▶

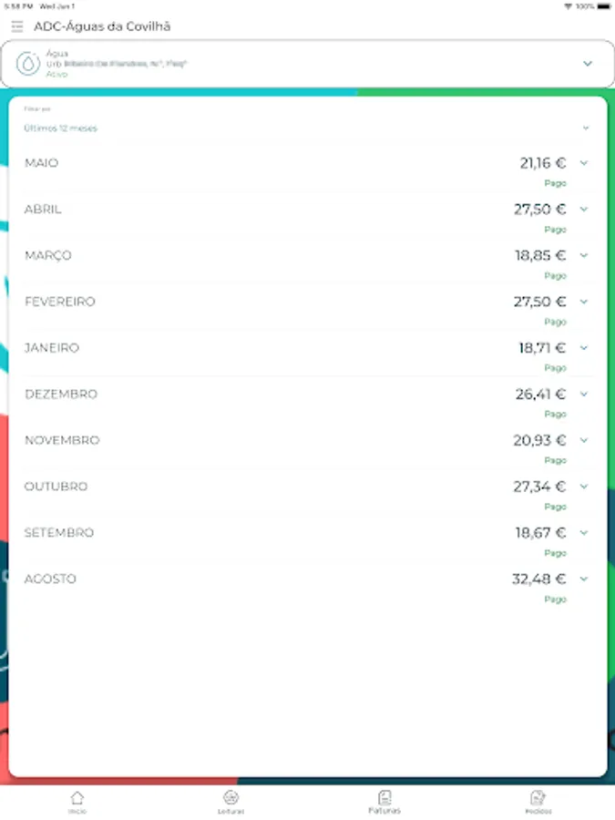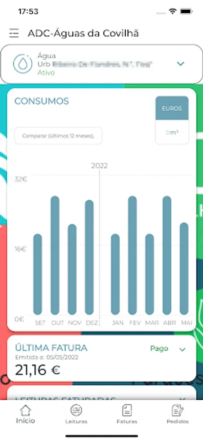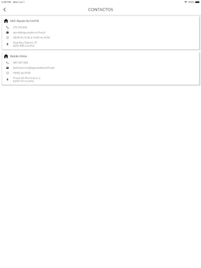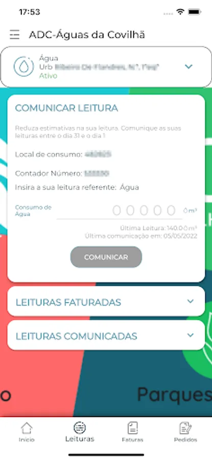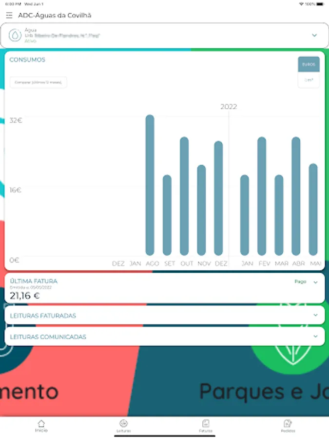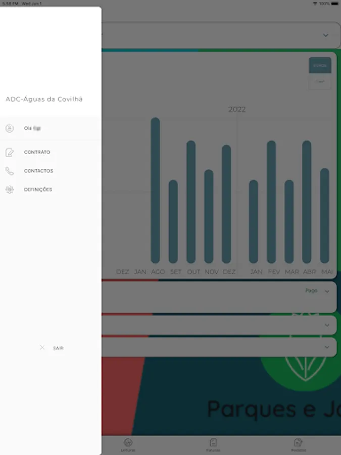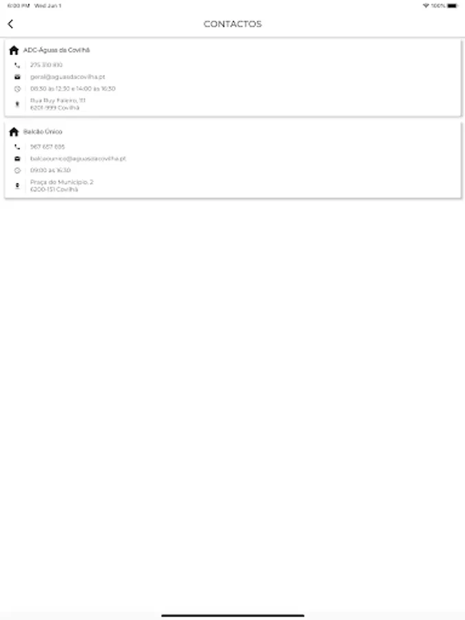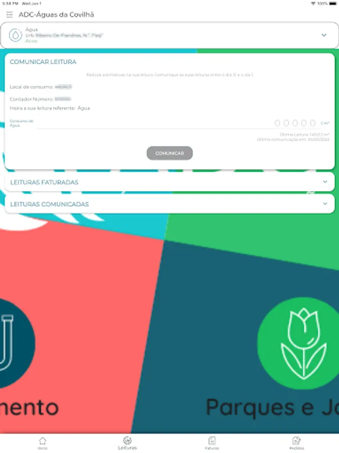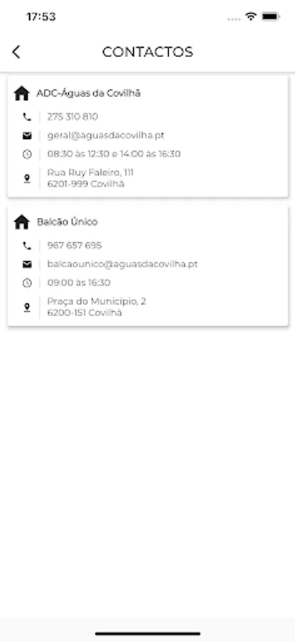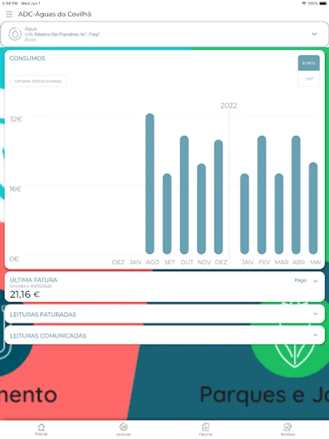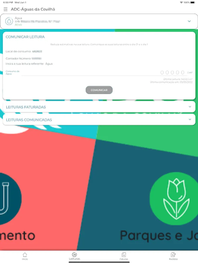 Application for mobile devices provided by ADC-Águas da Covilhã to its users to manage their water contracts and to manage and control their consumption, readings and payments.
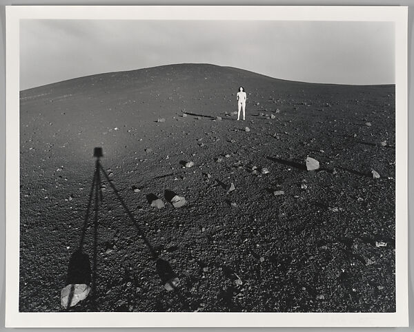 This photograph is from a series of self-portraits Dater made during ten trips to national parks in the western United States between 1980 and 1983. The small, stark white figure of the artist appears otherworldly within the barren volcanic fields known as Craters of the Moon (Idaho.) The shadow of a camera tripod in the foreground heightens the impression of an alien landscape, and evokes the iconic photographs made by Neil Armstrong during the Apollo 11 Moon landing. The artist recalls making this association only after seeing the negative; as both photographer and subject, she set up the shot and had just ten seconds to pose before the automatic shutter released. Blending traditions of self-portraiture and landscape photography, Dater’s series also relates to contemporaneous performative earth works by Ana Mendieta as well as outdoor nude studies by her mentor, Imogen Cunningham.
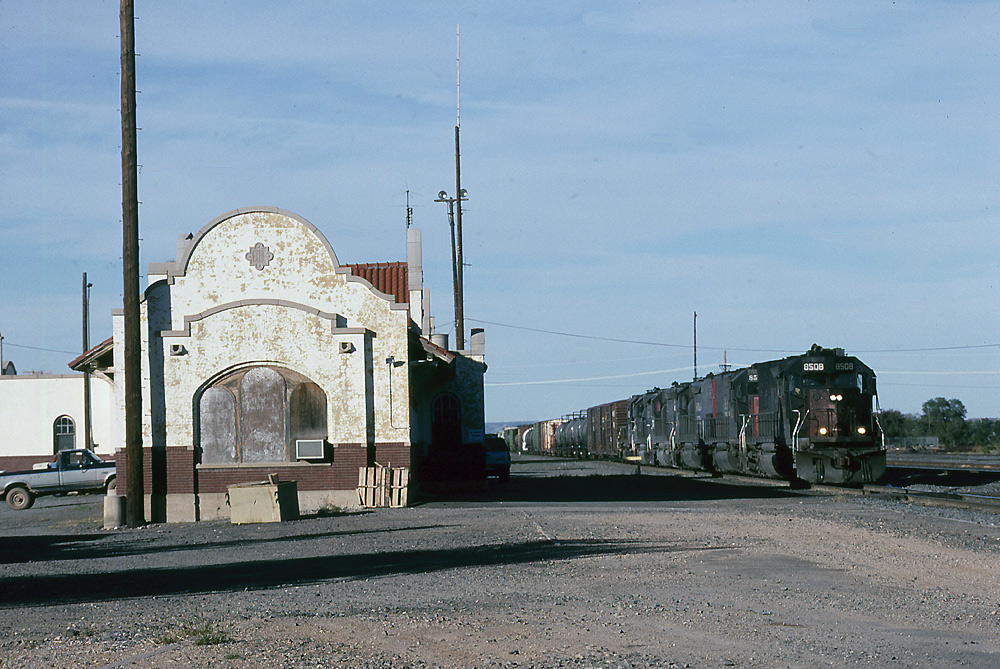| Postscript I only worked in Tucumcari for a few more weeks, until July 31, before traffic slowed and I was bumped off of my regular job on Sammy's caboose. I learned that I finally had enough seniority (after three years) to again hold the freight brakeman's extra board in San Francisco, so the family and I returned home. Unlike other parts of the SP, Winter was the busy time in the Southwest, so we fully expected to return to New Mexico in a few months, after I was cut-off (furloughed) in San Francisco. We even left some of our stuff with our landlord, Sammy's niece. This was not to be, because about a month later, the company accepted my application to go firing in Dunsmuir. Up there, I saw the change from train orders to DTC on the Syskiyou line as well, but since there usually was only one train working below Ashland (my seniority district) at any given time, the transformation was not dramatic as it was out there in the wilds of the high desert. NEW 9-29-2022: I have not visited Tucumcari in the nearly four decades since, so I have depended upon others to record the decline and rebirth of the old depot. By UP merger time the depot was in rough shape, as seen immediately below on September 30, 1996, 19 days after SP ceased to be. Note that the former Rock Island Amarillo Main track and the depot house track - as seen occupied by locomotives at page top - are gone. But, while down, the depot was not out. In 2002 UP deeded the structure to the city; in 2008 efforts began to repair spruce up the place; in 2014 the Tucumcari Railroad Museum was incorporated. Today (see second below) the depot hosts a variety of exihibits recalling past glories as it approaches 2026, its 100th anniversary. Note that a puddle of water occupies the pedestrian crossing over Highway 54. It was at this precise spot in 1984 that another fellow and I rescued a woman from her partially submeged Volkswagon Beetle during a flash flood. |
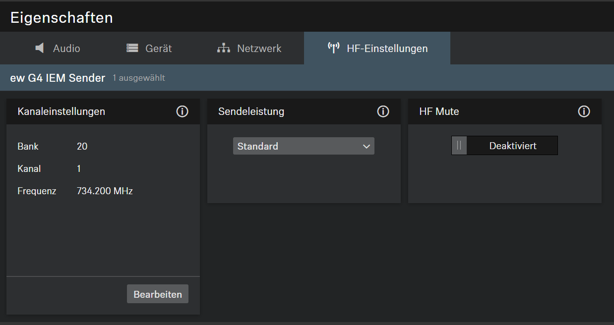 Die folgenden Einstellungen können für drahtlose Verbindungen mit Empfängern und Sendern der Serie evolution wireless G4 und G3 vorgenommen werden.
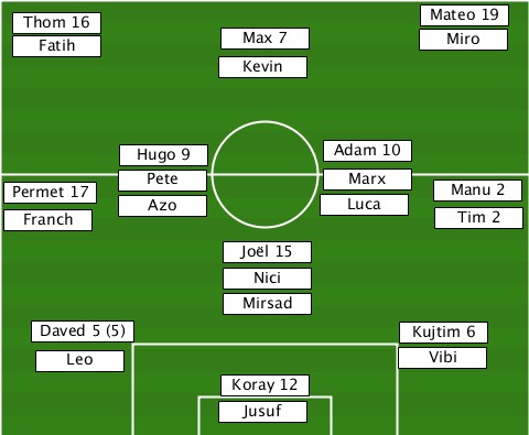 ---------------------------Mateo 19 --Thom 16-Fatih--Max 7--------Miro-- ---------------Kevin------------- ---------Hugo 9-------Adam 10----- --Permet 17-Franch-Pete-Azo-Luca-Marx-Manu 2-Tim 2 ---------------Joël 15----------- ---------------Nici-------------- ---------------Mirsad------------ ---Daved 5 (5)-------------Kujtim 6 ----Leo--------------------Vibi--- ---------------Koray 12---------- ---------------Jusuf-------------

◀
▶

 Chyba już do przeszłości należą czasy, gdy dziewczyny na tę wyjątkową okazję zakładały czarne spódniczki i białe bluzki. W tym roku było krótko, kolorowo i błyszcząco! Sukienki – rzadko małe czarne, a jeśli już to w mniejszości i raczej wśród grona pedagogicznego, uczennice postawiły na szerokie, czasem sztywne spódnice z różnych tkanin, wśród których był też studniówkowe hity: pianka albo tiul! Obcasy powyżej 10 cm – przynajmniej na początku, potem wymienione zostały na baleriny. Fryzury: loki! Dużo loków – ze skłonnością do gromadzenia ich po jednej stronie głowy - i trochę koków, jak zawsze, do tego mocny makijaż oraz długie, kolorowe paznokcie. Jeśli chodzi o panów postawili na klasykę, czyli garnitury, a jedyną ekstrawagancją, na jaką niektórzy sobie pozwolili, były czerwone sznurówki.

◀
▶

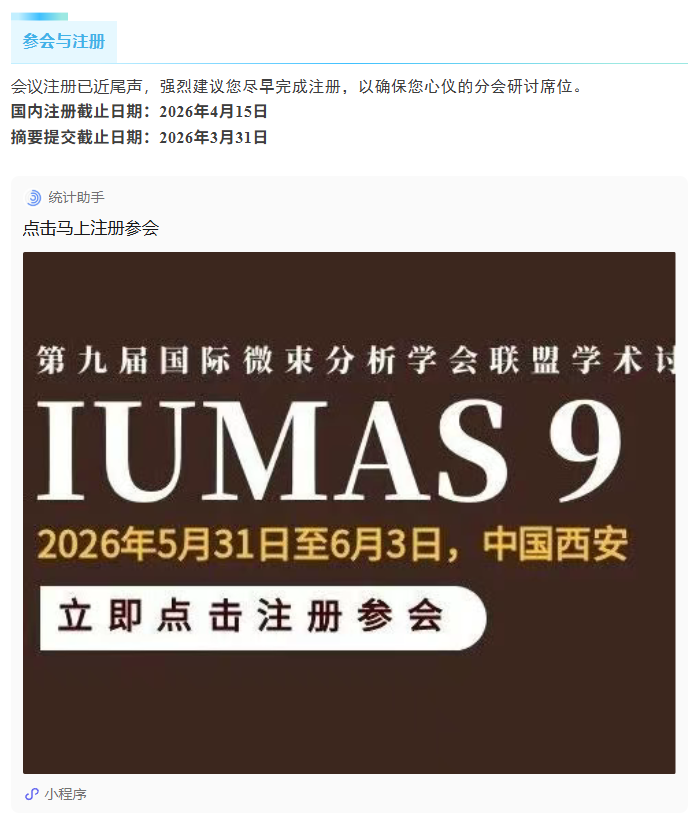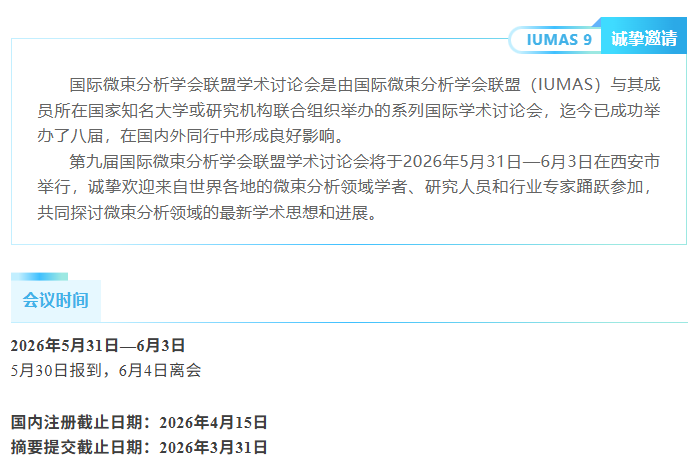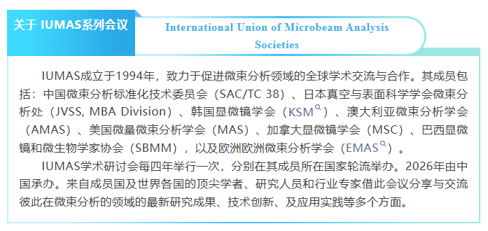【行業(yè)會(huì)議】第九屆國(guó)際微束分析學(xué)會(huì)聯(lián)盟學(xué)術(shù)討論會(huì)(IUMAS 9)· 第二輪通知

◀

### Your objective
What you return must match, character for character, the lines above from the one with "Application for mobile" through the one with "This photograph is", minus any pictures.

### Written response
 Application for mobile devices provided by ADC-Águas da Covilhã to its users to manage their water contracts and to manage and control their consumption, readings and payments.
 This photograph is from a series of self-portraits Dater made during ten trips to national parks in the western United States between 1980 and 1983. The small, stark white figure of the artist appears otherworldly within the barren volcanic fields known as Craters of the Moon (Idaho.) The shadow of a camera tripod in the foreground heightens the impression of an alien landscape, and evokes the iconic photographs made by Neil Armstrong during the Apollo 11 Moon landing. The artist recalls making this association only after seeing the negative; as both photographer and subject, she set up the shot and had just ten seconds to pose before the automatic shutter released. Blending traditions of self-portraiture and landscape photography, Dater’s series also relates to contemporaneous performative earth works by Ana Mendieta as well as outdoor nude studies by her mentor, Imogen Cunningham.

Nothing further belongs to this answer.